--- SOURCE DATA Enclosed Below ---

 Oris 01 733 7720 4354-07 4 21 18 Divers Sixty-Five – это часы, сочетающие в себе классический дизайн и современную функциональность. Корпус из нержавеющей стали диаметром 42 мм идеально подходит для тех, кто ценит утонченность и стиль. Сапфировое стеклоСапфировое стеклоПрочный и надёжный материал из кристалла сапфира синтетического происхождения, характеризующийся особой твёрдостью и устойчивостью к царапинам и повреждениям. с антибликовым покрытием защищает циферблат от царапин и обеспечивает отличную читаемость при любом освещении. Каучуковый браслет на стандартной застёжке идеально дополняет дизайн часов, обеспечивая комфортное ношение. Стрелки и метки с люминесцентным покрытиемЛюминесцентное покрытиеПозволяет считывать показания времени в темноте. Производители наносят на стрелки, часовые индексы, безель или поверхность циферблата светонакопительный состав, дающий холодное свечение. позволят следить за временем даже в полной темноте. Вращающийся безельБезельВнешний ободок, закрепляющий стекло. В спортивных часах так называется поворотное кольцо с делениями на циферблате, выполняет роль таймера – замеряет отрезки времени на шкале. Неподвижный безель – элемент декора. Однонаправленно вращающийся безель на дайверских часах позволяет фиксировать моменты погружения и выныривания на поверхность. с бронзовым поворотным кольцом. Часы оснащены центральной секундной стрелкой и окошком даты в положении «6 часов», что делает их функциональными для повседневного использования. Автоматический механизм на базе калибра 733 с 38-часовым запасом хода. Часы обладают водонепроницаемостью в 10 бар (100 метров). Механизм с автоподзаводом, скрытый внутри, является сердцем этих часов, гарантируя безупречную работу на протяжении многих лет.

--- End of Enclosed SOURCE DATA ---
--- SOURCE DATA Enclosed Below ---

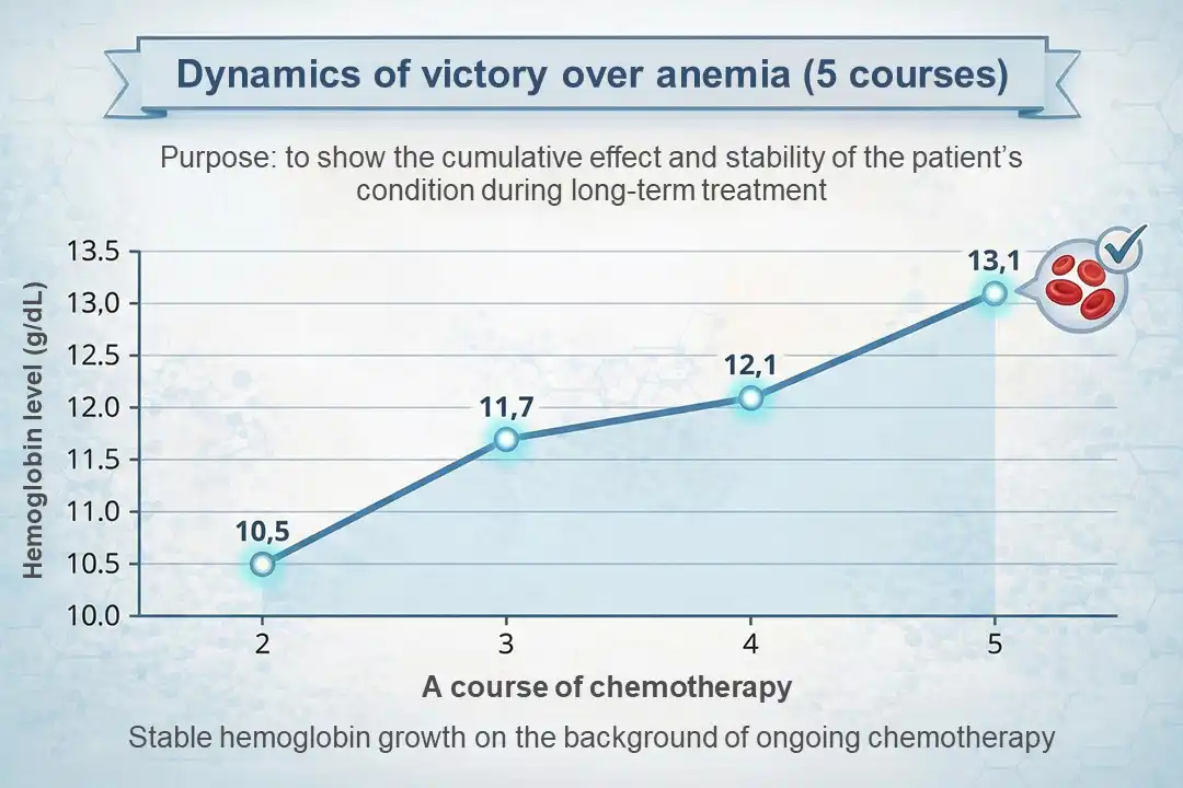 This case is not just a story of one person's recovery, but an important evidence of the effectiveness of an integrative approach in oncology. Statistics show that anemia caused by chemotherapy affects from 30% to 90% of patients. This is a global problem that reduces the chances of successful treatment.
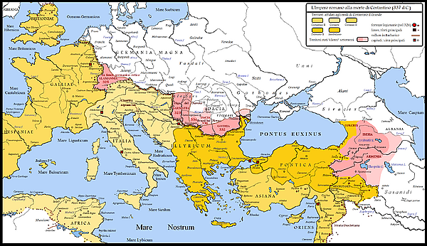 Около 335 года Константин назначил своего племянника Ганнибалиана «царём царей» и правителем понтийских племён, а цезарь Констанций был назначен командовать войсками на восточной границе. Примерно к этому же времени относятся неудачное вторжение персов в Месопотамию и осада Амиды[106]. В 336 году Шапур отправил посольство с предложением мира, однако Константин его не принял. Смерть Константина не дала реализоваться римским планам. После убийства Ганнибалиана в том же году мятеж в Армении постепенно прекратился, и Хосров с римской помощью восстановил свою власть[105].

--- End of Enclosed SOURCE DATA ---
--- SOURCE DATA Enclosed Below ---

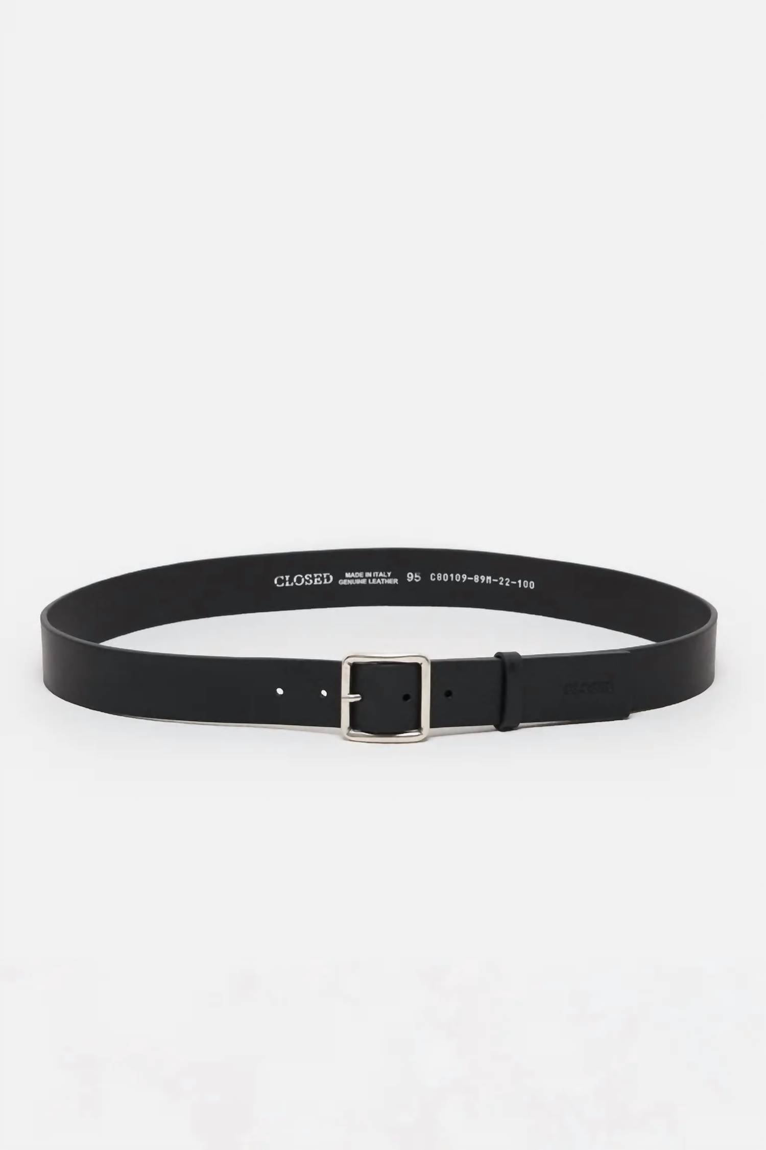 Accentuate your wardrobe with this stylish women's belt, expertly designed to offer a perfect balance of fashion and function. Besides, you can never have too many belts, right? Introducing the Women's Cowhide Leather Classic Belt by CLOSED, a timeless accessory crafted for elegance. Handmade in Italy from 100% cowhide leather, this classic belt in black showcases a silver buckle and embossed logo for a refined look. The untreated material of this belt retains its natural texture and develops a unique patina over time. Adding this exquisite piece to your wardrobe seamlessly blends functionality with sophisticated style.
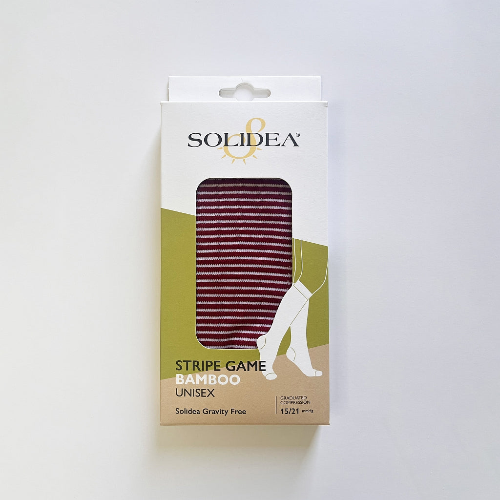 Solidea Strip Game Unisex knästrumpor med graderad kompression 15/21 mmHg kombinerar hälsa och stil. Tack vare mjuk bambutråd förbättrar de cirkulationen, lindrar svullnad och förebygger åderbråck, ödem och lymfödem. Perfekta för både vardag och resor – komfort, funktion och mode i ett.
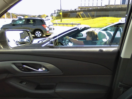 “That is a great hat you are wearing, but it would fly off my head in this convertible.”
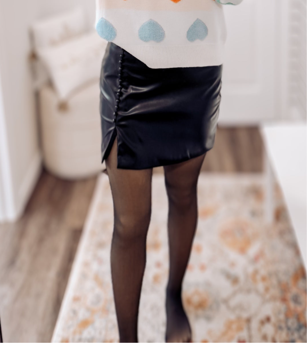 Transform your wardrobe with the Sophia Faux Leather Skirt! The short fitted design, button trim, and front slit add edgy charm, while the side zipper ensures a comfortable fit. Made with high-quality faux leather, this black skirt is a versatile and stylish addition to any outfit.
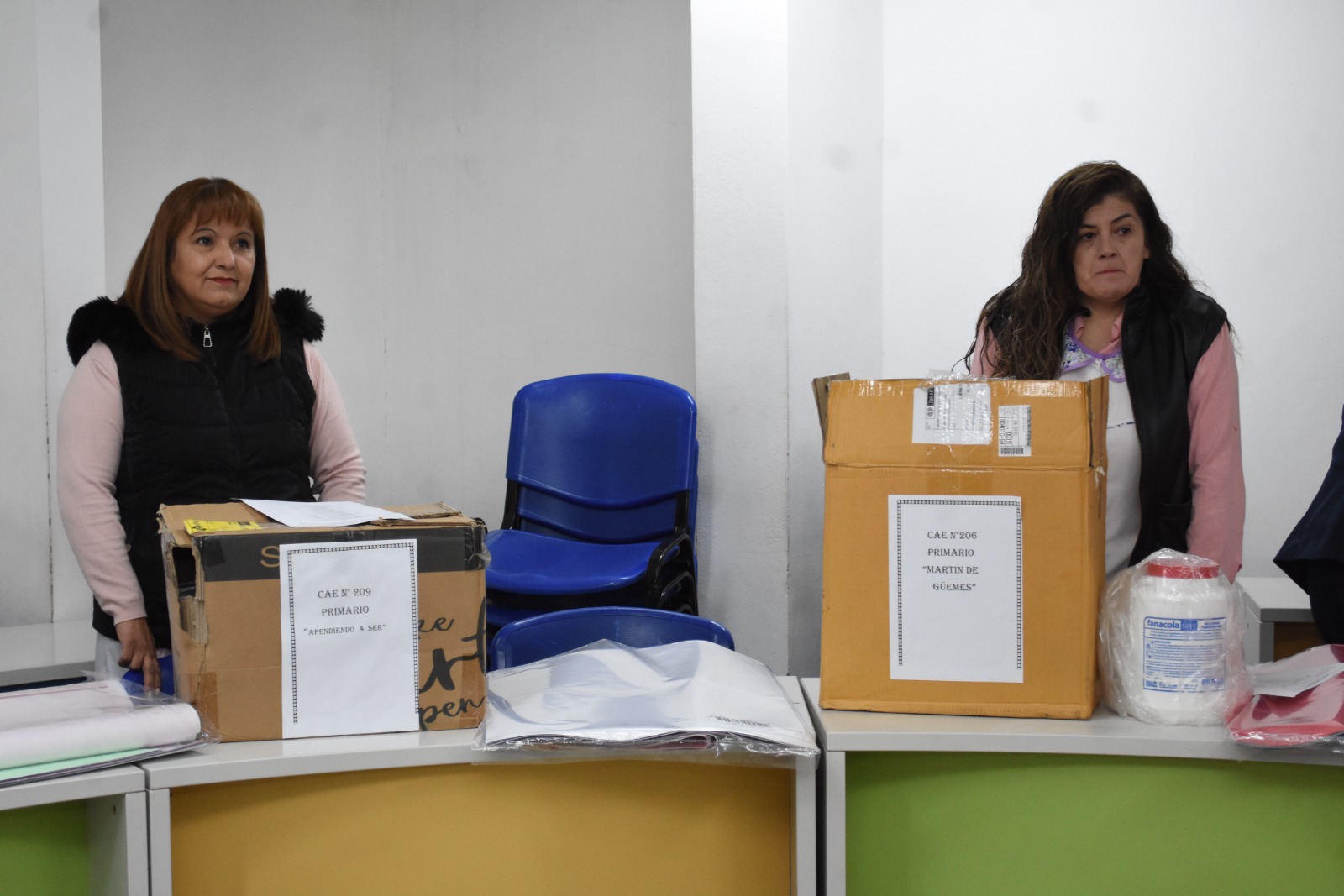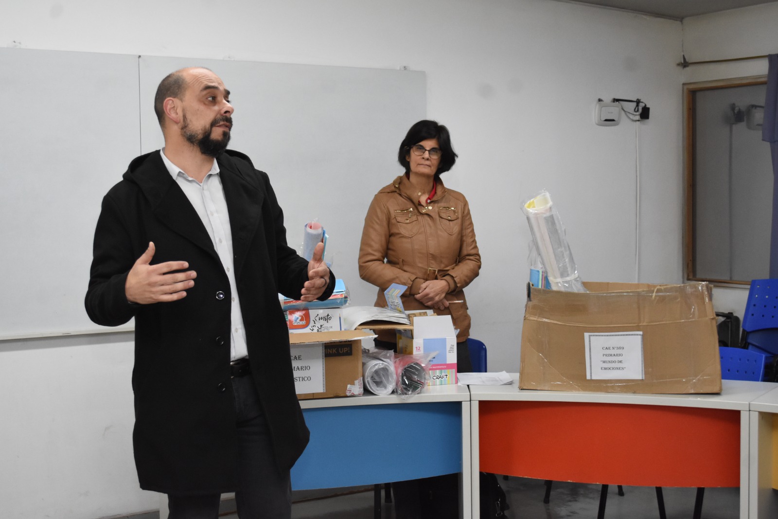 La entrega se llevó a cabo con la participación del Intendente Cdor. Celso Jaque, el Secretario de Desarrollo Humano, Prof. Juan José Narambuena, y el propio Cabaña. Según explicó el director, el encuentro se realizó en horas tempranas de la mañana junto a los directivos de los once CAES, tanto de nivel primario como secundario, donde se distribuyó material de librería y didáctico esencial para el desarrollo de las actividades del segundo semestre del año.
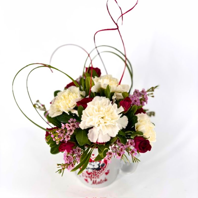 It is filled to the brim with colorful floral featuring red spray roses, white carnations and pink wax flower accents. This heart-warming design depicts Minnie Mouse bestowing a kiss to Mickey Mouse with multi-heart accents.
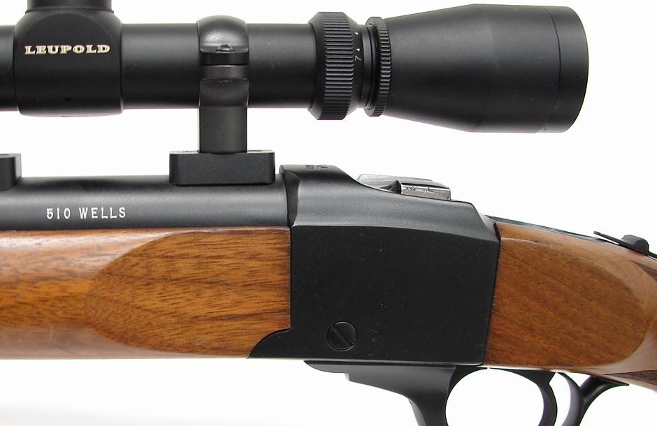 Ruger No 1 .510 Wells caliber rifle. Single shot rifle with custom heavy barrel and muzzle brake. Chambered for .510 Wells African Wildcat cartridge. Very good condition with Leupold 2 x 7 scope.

--- End of Enclosed SOURCE DATA ---

● PROMPT:
Transcribe the listing above exactly, but only from the line with "La entrega se" through the line with "Ruger No 1 .510". Include both of those lines and omit the pictures.

● SOLUTION FOR THIS EXERCISE:
 La entrega se llevó a cabo con la participación del Intendente Cdor. Celso Jaque, el Secretario de Desarrollo Humano, Prof. Juan José Narambuena, y el propio Cabaña. Según explicó el director, el encuentro se realizó en horas tempranas de la mañana junto a los directivos de los once CAES, tanto de nivel primario como secundario, donde se distribuyó material de librería y didáctico esencial para el desarrollo de las actividades del segundo semestre del año.
 It is filled to the brim with colorful floral featuring red spray roses, white carnations and pink wax flower accents. This heart-warming design depicts Minnie Mouse bestowing a kiss to Mickey Mouse with multi-heart accents.
 Ruger No 1 .510 Wells caliber rifle. Single shot rifle with custom heavy barrel and muzzle brake. Chambered for .510 Wells African Wildcat cartridge. Very good condition with Leupold 2 x 7 scope.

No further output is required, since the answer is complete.